Picturesque homes don’t just have to be experienced through a photograph.
Historic Ellicott City has made it its mission to bring beautiful, historic homes right to the feet of its guests. This year, attendees can witness firsthand White Hall, the 19th-century home that sits on a sprawling 41 acres that it shares with deer, geese and two owls. Enter inside and guests can experience room transformations from top interior decorators.
For out interior decorator and D.C. native Rhonald Angelo, transforming a room is deeper than painting a wall or throwing down a rug. His passion for detail and eye for design can be witnessed in the drawing room of White Hall, where he joins 17 other designers, artisans and decorators using the home as the foundation for their artistic visions.
Since 1986, Historic Ellicott City has been collaborating with designers to restore historic properties for its Decorator Show House.
This year’s proceeds will benefit the Historic Ellicott Revitalization Grant Program and the restoration of Carrollton Hall, a historic building built by Declaration of Independence signer Charles Carroll on the grounds of the Shrine of St. Anthony.
Angelo is a veteran of the Decorator Show House with White Hall marking the third home he has decorated. In 2013, a client invited him to take a look at the Decorator Show House and he met the design decorator in charge of the designers. Angelo was chosen to decorate a second-level bedroom with a bathroom attached for 2014. His creation became an “elegant dressing room” with a “masculine feel” for the space.

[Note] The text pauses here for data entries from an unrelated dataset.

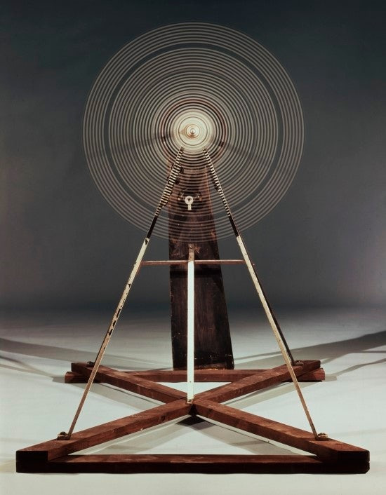1920년 마르셀 뒤샹(1887~1968)은 과학기술을 도입한 최초의 예술작품으로 <회전판>을 선보인다. 키네틱 아트(Kinetic Art)의 선구자로 꼽히는 마르셀 뒤샹의 <회전판>은 시각적인 효과를 높이기 위해 반복된 곡선들을 입체적인 구조물 위에 그려놓고 전기장치를 이용해 실제로 움직일 수 있게 하였다.
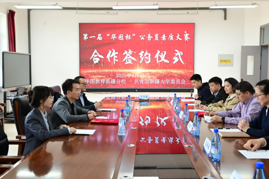 2025年4月15日下午,由共青团beat365委员会、华图教育机构主办、beat365在线官网入口、化学公司、计算机科学与技术公司联合承办的第一届“华图杯”公务员素质大赛合作签约仪式在红湖校区11号楼216会议室顺利举行。此次签约标志着校企双方在深化合作、助力员工职业发展方面迈出了重要一步。校团委副书记买尔旦·外力、beat365在线官网入口副经理李迎雪、华图教育市场总监朱伟刚等出席活动。
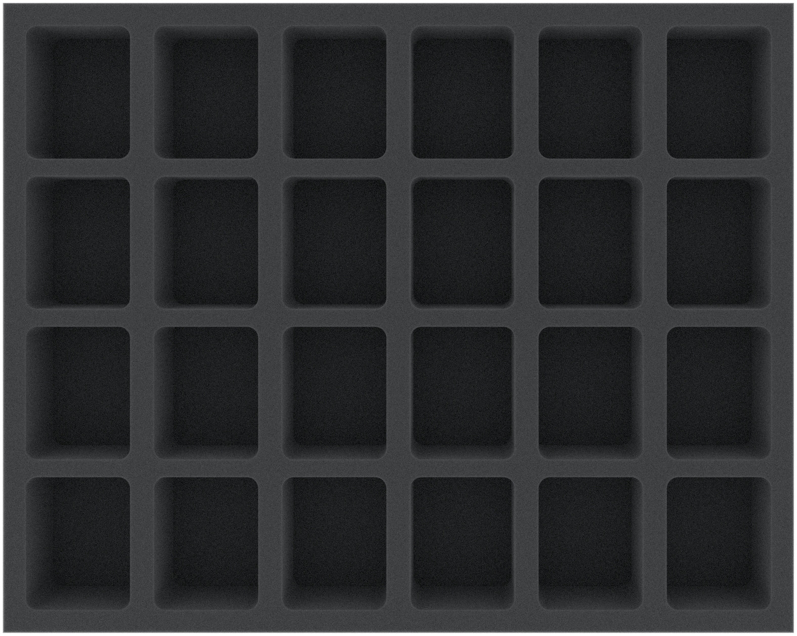 On this Feldherr foam tray you have space for up to 24 miniatures of your army. The insert is especially suitable for storing Space Marines on 40 mm bases like Terminators and similar sized models.
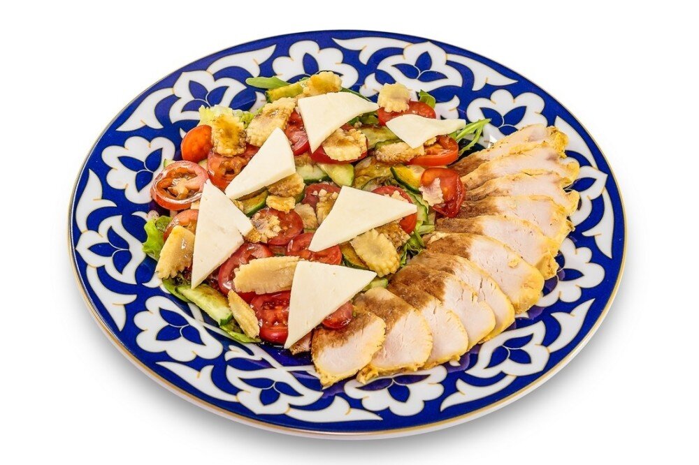 Цыпленок, грибы, сыр сулугуни, кукуруза в початках, огурцы, помидоры черри с соевым соусом
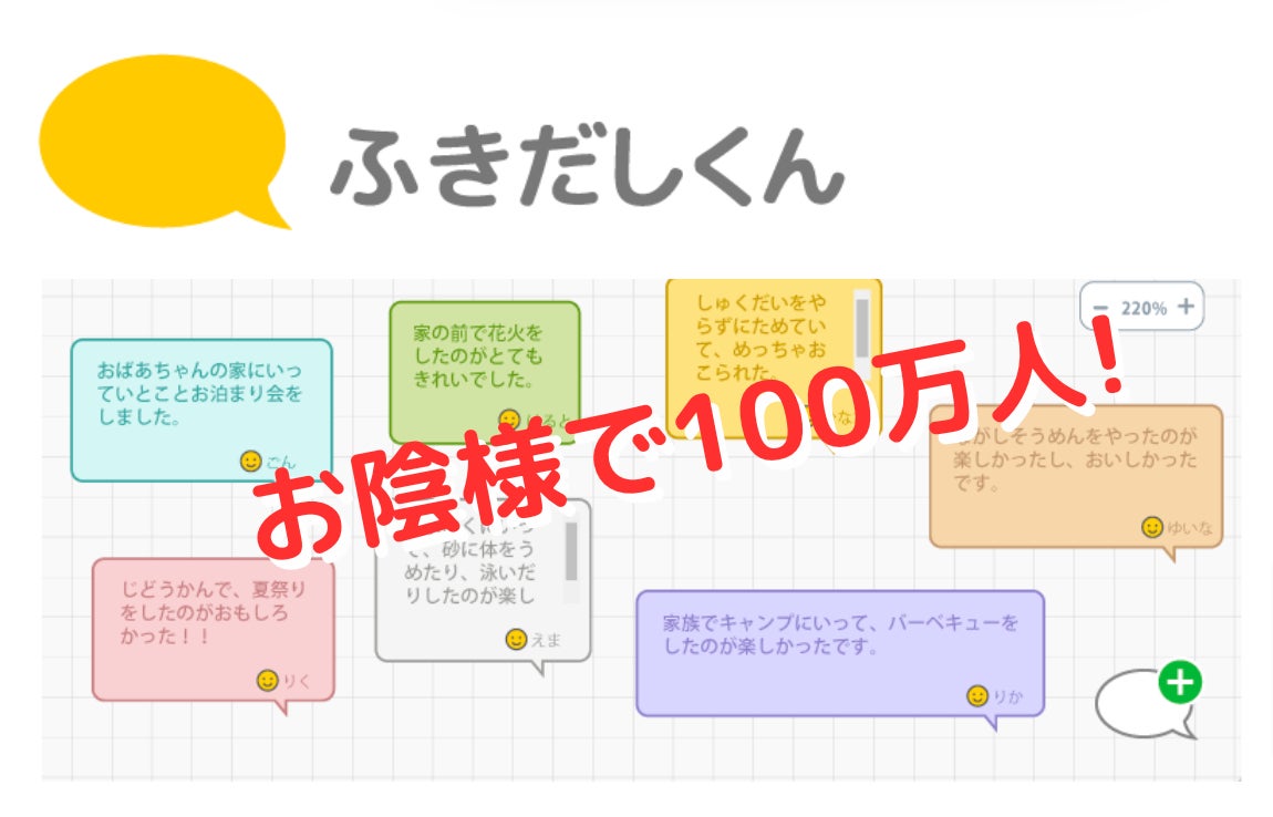 株式会社ティーファブワークス(本社:千葉県柏市 代表取締役:高松 基広)が2023年7月に提供を開始した学校向けの付箋ツール『ふきだしくん』 https://477.jp が、1年4ヶ月で100万人(ユニークユーザー)を超えました。教育現場でのICT活用が進む中、『ふきだしくん』は生徒の意見を可視化し、主体的な学びを促進するツールとして多くの先生方に支持されています。
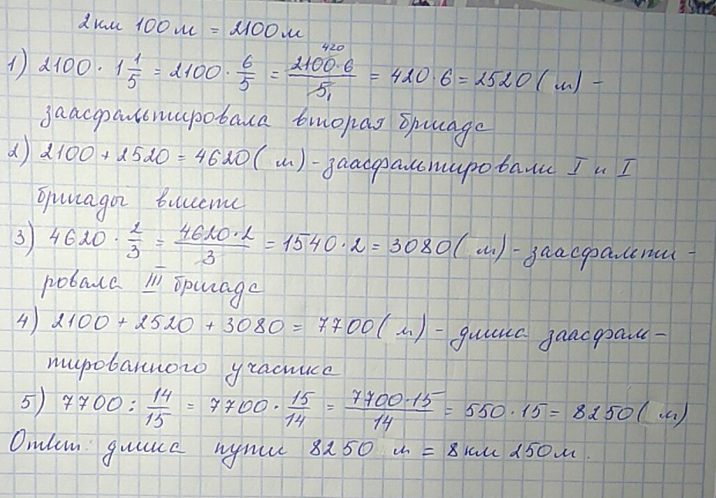 Первая бригада заасфальтировала 2 км 100 м шоссе, вторая в 1,1/5 раза больше чем первая а третья 2/3 того что сделали oбе первые бригады. Длина заасфальтированного участка составила 14/15 всей длины шоссе. Какова длина пути?
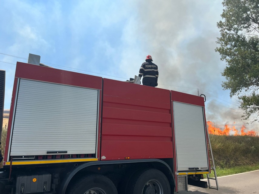 „La sosirea salvatorilor, incendiul se manifesta cu flacără deschisă atât la vegetația uscată, cât și la o cultură de grâu. Imediat colegii au chemat în sprijin încă un echipaj cu o autospecială de stingere de capacitate mare și au acționat coordonat pe mai multe flancuri pentru localizare și stingere.
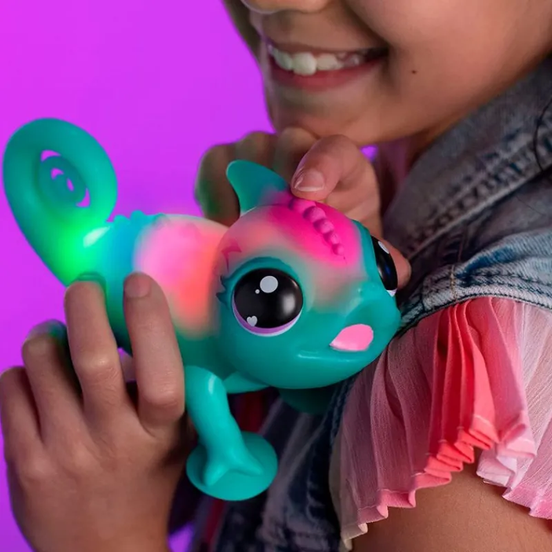 Sunny es un camaleón interactivo de la colección Little Live Pets ¡Descubre las mascotas que cobran vida, se mueven, actúan y suenan como si fueran de verdad! Sunny se ilumina cambiando de color para expresar su estado de ánimo ¡Reproduce hasta 30 sonidos diferentes y responde cuando le hablas! Canta y brilla. Dispone de 2 modos de juego diferentes, el modo alimentación y el de diversión ¡Agítalo para que comience la fiesta! Funciona con pilas incluidas (pilas de demostración). Recomendado a partir de 5 años.
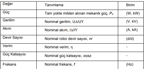 Bir asenkron motorun etiketinde hangi bilgiler bulunur?
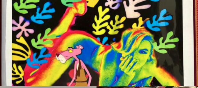 Ein zentrales Motiv ist die Hommage an den rosaroten Panther, der aus einem Filmvorspann zu einer der bekanntesten Zeichentrickserien wurde. Besonders im deutschsprachigen Raum war diese Serie geprägt von Gert Günther Hoffmanns humorvollen Kommentaren, die durch übertriebene Vergleiche und ironische Bemerkungen die Handlung erweiterten. Ähnlich geht der Künstler vor, indem er bestehenden Szenarien einen neuen, oft humorvollen Blickwinkel verleiht.

The entire process from choosing the property to settling on designs is done with careful consideration. The Show House Committee looks for properties that meet a specific set of criteria. The property must be at least 50 years old, located in Howard County, have adequate parking and have the capacity to accommodate about 100 visitors per day, among other stipulations.
After the property is chosen, the committee sends out a call to decorators to look at the rooms to settle on how they would like to develop the space. Decorators submit proposals with a floor plan of the room, a write-up of their concept and any fabrics, paints and furnishings they would want to use. The committee decides if they like the proposal and also if the design will be cohesive with the rest of the designers’ visions.
“When you walk into the front door of a home you want all the rooms to flow together,” Angelo says. “You wouldn’t want to have ‘Star Trek’ on one side and ‘Little House on the Prairie’ on the opposite side of a home because there’s no flow to that. So they look for similar paint colors, similar furnishings, similar concepts.”
Just as the committee has an eye for what works in a room, designers bring their own personal tastes into the home. Angelo’s intricate and neat designs can be traced back to his childhood. At 11 years old, he and his friends started building small-scale car models. For Angelo, it was important to put accuracy in every last detail.
“My mom would give me parts from her sewing box so I would create all the wires that you see in the engine. I was always very careful. I would study under the hood of a real automobile. That’s probably where my creativity and intense sense of detail comes from,” Angelo says.
Now as an adult interior decorator, his work method remains the same.
“Clutter is not a word that is in my vocabulary. All of my designs, my work, is very open and it allows everything to have its own breathing space.”
Angelo’s concept for the drawing room was to stay true to the room’s historic purpose. The house was built pre-1822 as part of the land grant Freeborn’s Progress. The house’s east wing was later used as a hospital during the War of 1812. In 1977, the home was added to the National Register of Historic Places.
Historically, Angelo explains that the drawing room would have been used to entertain guests and would have functioned as a public space.
He opted out of modern comforts like a TV and other recreational or personal items like a bookshelf and family photos. Instead, he utilized natural light to make the room feel more open.
“The furnishings would be somewhat formal,” Angelo says. “But if it was our day and time, it would have been more comfortable than it would have been in the 19th century. The daylight that the room gets is significant. However, it’s shadowed by the deepness of the front porch. I wanted to do light colors to allow as much daylight to come in as possible. There’s two windows that face the front of the house. I purposely created a very open style to allow as much daylight to come in as possible.”
He hopes that people can learn a few design tips from visiting the house including considering incorporating antiques in their own homes. Although he says he understands antiques aren’t as popular as they once were, he says “they add a soul to the living space.”
More than anything, Angelo wants people to appreciate how he utilizes his attention to detail in the room. Every piece was chosen for a specific reason.
“They will experience a level of detail that, in my opinion, is not seen in many, many spaces. From the smallest motifs in the rug and how it relates to the design on the end of a cabinet, or the shape of a flower I’ve chosen that will correspond with a motif that might be in the drapery. It’s a feeling of comfort, balance, elegant-ness and appropriateness,” Angelo says.